Electric Aircraft
Ascendance Completes Structural Build of Full-Scale ATEA Hybrid VTOL
Ascendance Flight Technologies completes the full-scale structure of its ATEA hybrid-electric VTOL aircraft, advancing toward first flight and certification.
This article is based on an official press release from Ascendance Flight Technologies.
Ascendance Flight Technologies has officially announced a major industrial achievement in the development of its ATEA aircraft. On February 23, 2026, the Toulouse-based manufacturers confirmed the structural completion of its full-scale hybrid-electric Vertical Take-Off and Landing (VTOL) demonstrator. This development marks the transition from the design and sub-scale testing phase into full industrial integration.
According to the company’s announcement, the physical airframe, comprising the fuselage, wings, and tail, is now fully assembled at Ascendance’s hangar in Toulouse, France. The structure was manufactured by the DUQUEINE Group, a specialist in aeronautical composite structures. With the airframe complete, the program now moves into the final integration phase, where propulsion systems, avionics, and flight controls will be installed ahead of ground and flight testing.
The completion of the full-scale structure represents a shift for Ascendance from digital engineering to physical hardware. The company, founded in 2018 by four former members of the Airbus E-Fan team, has positioned the ATEA as a pragmatic solution for regional air mobility. By securing a top-tier industrial partner like DUQUEINE for the manufacturing process, Ascendance aims to demonstrate that its design is ready for the rigors of certification and mass production.
Jean-Christophe Lambert, CEO of Ascendance Flight Technologies, emphasized the weight of this milestone in a statement regarding the announcement:
“ATEA is not just an aircraft, it is the demonstrator of a complete architecture… This milestone represents the transformation of an engineering program into a tangible industrial reality.”
, Jean-Christophe Lambert, CEO of Ascendance Flight Technologies
The prototype is now set to receive its specific “Lift-plus-Cruise” propulsion components. This configuration utilizes eight rotors integrated into the wings (Fan-in-Wing technology) for vertical maneuvers and two horizontal propellers for cruise flight. Notably, the design avoids tilting mechanisms to reduce mechanical complexity and certification risks.

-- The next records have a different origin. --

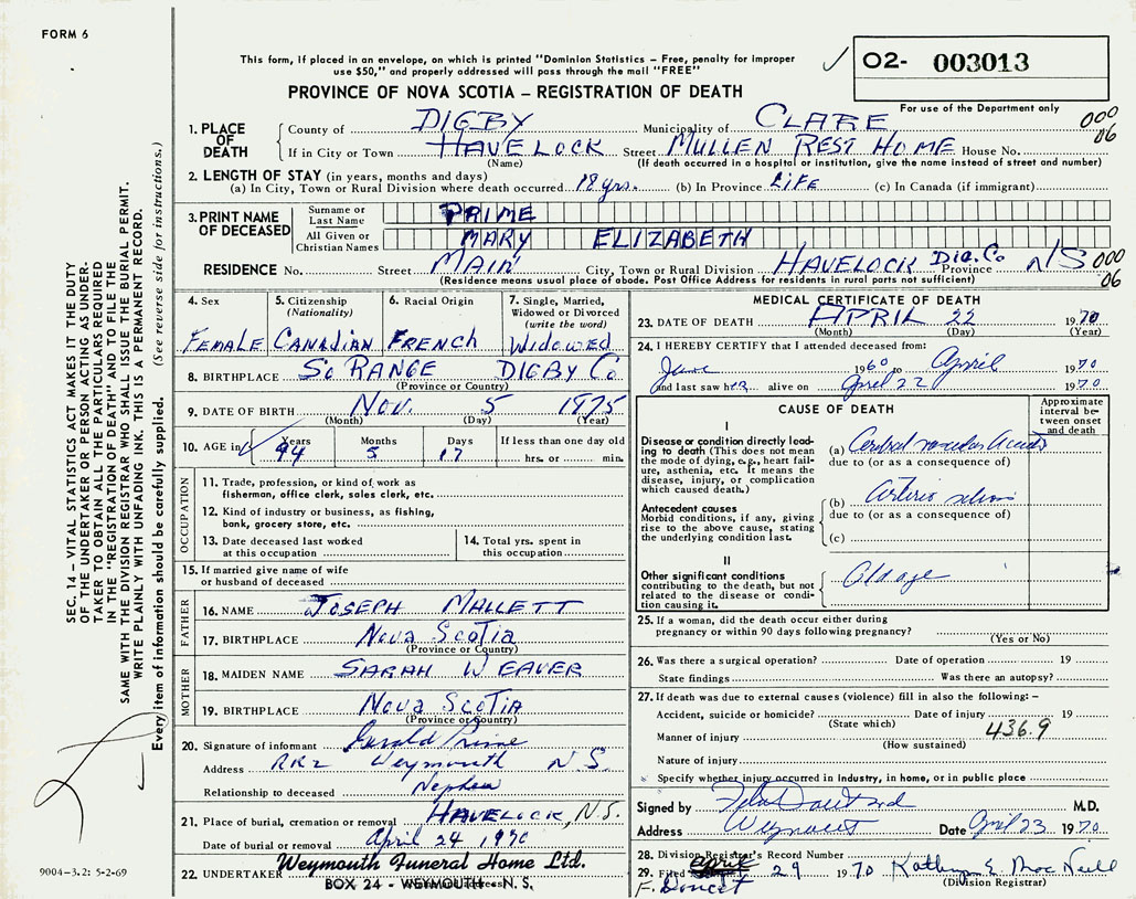 1. PLACE OF DEATH County of Digby If in City or Town Havelock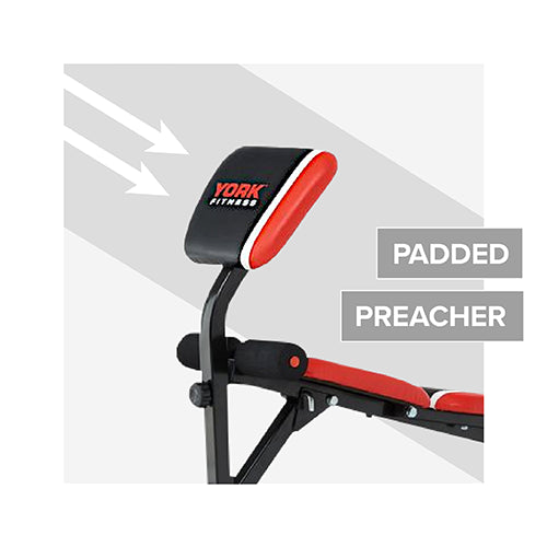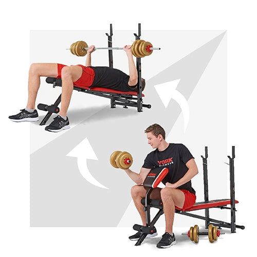 York Warrior 2 in 1 Folding Barbell and Ab Bench with Curl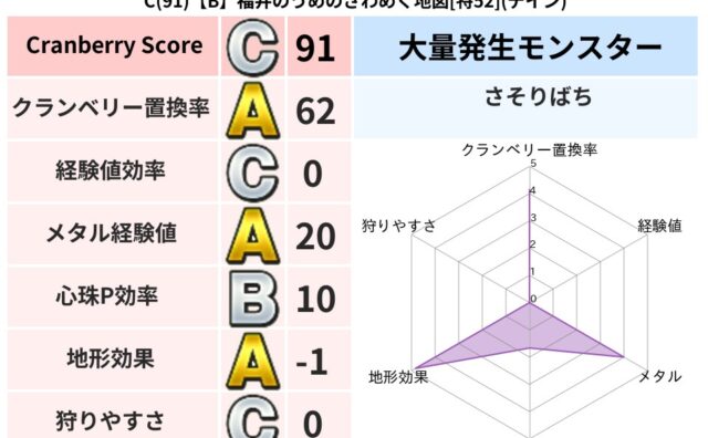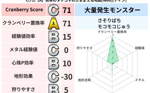 クランベリーボット判定結果の詳細クランベリースコア:96クランベリー置換率:71%大量発生モンスター:さそりばち,モコモコじゅうデイン超耐性(0%)こころ道 完全一致モンスターねこまどう: ニンジャ(風道Lv5)しのどれい: ゴッドハンド(...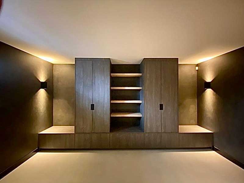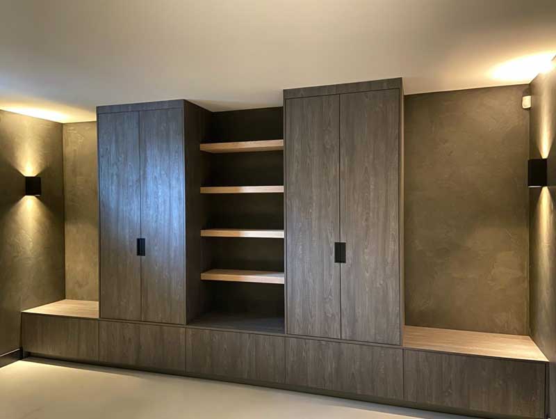 Een jaar geleden hebben wij op verzoek een 5 meter breed TV-meubel op maat gemaakt en geplaatst. Onlangs heeft de ruimte een andere functie gekregen, waardoor het TV-meubel onnodig werd. We dachten met de bewoners mee en kwamen tot een goede oplossing. We hebben van dit grote TV-meubel een functionele (kleding)kastenwand kunnen maken.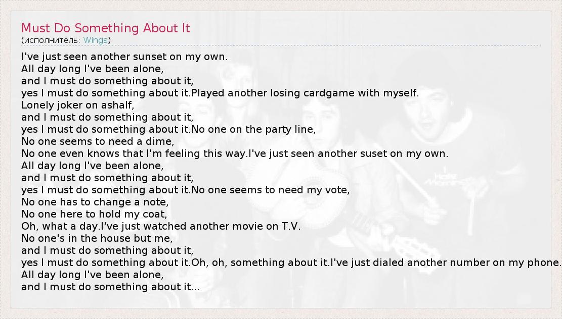 А как ты думаешь, о чем песня "Must Do Something About It" ?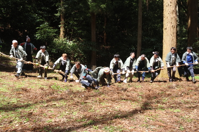 4日 午前8時30分頃 春日神社出発 布施地区山中 帯裁ち
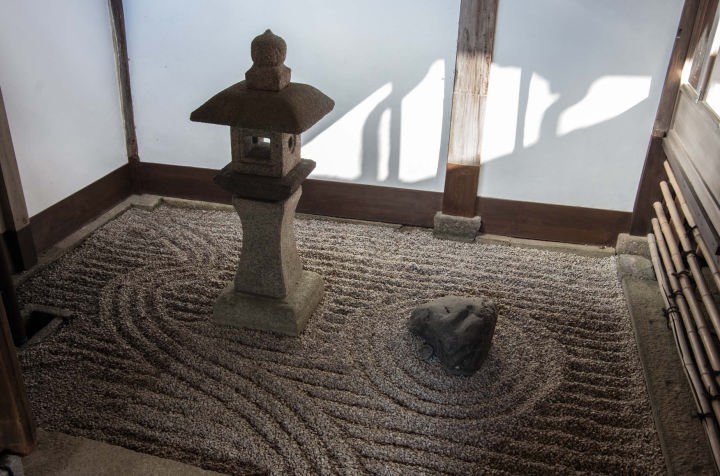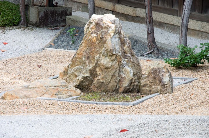 本堂を出て渡り廊下を進むと書院に着きます。書院の仏間には、正面に親鸞上人像、向かって左に阿弥陀如来立像、右に不空羂索観音(ふくうけんさくかんのん)像が祀られています。親鸞聖人は、真如堂の阿弥陀如来をあつく信仰していて、比叡山から六角堂(京にある聖徳太子創建の寺)へ参詣する際には、真如堂を参拝していたといわれます。書院には、二つの庭があります。一つは、「涅槃の庭」です。枯山水(かれさんすい)の庭で、昭和63年に曽根三郎氏によって作庭されました。その教えを広めるために各地をめぐっていた釈迦が、あるとき死期を悟って、生まれ故郷の北インド地方に向かいます。その途中のガンジス川支流の沙羅の林の中で入滅する姿をこの庭は表現しています。向かって左(北)を頭にした釈迦が右脇を下にして横たわり、その回りを弟子や生類たちが囲んで嘆き悲しんでいる様子が、石によって表現されています。また、白砂はガンジス川を、ヒノキなどは沙羅の林を表しています。もう一つの庭は、「隨縁(ずいえん)の庭」です。平成22年に重森千靑(ちさお)氏によって作庭されました。背後にある仏堂の蟇股(かえるまた)にある「四つ目の家紋」がモチーフとなってデザインされたといいます。「隨縁」とは、その縁によって物事はさまざまに変わっていき違う姿を見せるものだという意味で、この庭も、季節や朝夕の日の当たり方で様々な表情を見せてくれるのだそうです。

The ATEA is designed as a five-seat aircraft (one pilot plus four passengers) powered by the company’s proprietary STERNA hybrid-electric system. This system combines a thermal turbogenerator with battery packs, allowing the aircraft to utilize existing fuel infrastructure, such as Jet-A1 or SAF, while significantly reducing emissions and noise. According to technical specifications released by the company, the ATEA targets the following performance metrics:
The hybrid approach allows for in-flight battery charging, addressing the range anxiety and charging infrastructure limitations that currently constrain pure electric VTOL (eVTOL) competitors.
In our view, Ascendance’s progress highlights a growing divergence in the Advanced Air Mobility (AAM) sector between pure electric and hybrid architectures. While competitors like Joby and Archer are betting on battery density improvements for short-range urban hops, Ascendance is targeting the regional market with a hybrid powertrain.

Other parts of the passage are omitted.